我将原来的答案保留下来,因为这种方法可能适用于其他寻找此问题的人。
I can't figure out how to do this without a cursor. As such, any other answer that provides the right answer (that doesn't use a cursor) is going to outperform this one. I'm not smart enough to figure out what that looks like, but it would have to include a nasty recursive CTE.
没有光标,我无法弄清楚如何做到这一点。因此,提供正确答案(不使用游标)的任何其他答案都将胜过这一答案。我不够聪明,不知道它看起来像什么,但它必须包括一个令人讨厌的递归CTE。

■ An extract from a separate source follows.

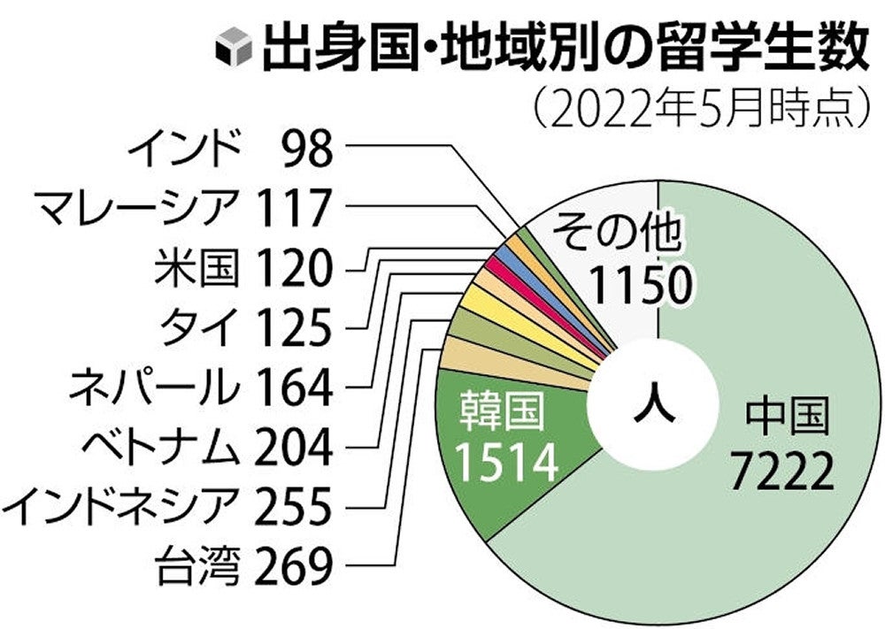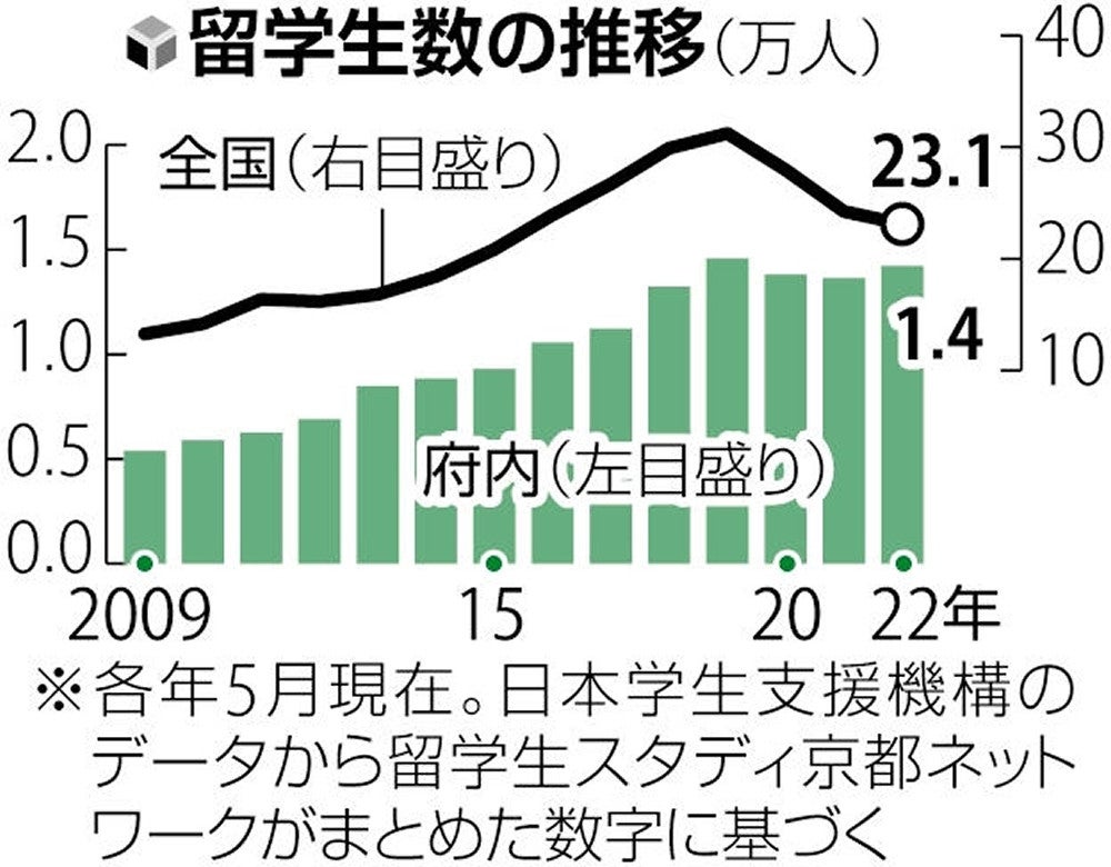在留資格別で目立つのは留学生だ。全国に比べても伸び率が高く、「大学の街でもある京都の特性が影響している可能性が高い」(府国際課)という。22年5月時点で1万4205人が学び、その後も増加傾向にある。 最長2年の日本語学校に比べ、大学はじっくり時間をかけて学ぶため、コロナ禍の瞬間的な影響も表れにくかった。

The real trick is getting all accounts that were ever related to each other grouped together. That is done in the big cursored if/then/else chain at the top, which could be cleaned up a bit. I've left my debug print
statements in place, they can obviously be removed.
真正的诀窍是将所有彼此相关的帐户组合在一起。这是在顶部的大型cursored if / then / else链中完成的,可以稍微清理一下。我已经将调试打印语句留在原位,显然可以删除它们。
You could also make the Associations table permanent, instead of using a table variable.
您还可以使关联表永久化,而不是使用表变量。
Again, performance-wise, this is going to be really, really bad, but it does work. I'm looking forward to seeing what others come up with. Thanks for the high-quality question, too, that made life a lot easier.
再次,在性能方面,这将是真的,非常糟糕,但它确实有效。我很期待看到别人想出的东西。感谢高质量的问题,这让生活变得更加轻松。
The code:
代码:
declare @Associations table (
GroupID int,
CustID int
);
declare @NextGroupID int = 0;
declare @FoundGroup1ID int;
declare @FoundGroup2ID int;
declare @Cust1 int;
declare @Cust2 int;
declare db_cursor cursor for
select Cust1ID, Cust2ID from @ACCT;
open db_cursor;
fetch next from db_cursor into @Cust1, @Cust2;
while @@fetch_status = 0
begin
set @FoundGroup1ID = null;
set @FoundGroup2ID = null;
print '----------------------------'
print 'Cust1 = ' + isnull(cast(@Cust1 as varchar(max)), 'NULL')
print 'Cust2 = ' + isnull(cast(@Cust2 as varchar(max)), 'NULL')
select @FoundGroup1ID = GroupID from @Associations where CustID = @Cust1
print 'FoundGroup1ID = ' + isnull(cast(@FoundGroup1ID as varchar(max)), 'NULL')
if @Cust2 is null
begin
if @FoundGroup1ID is null
begin
set @NextGroupID = @NextGroupID +1
print 'Adding Cust1 to new group ' + cast(@NextGroupID as varchar(max))
insert into @Associations (GroupID, CustID) values (@NextGroupID, @Cust1)
end
end
else -- @Cust2 is not null
begin
print 'FoundGroup2ID = ' + isnull(cast(@FoundGroup2ID as varchar(max)), 'NULL')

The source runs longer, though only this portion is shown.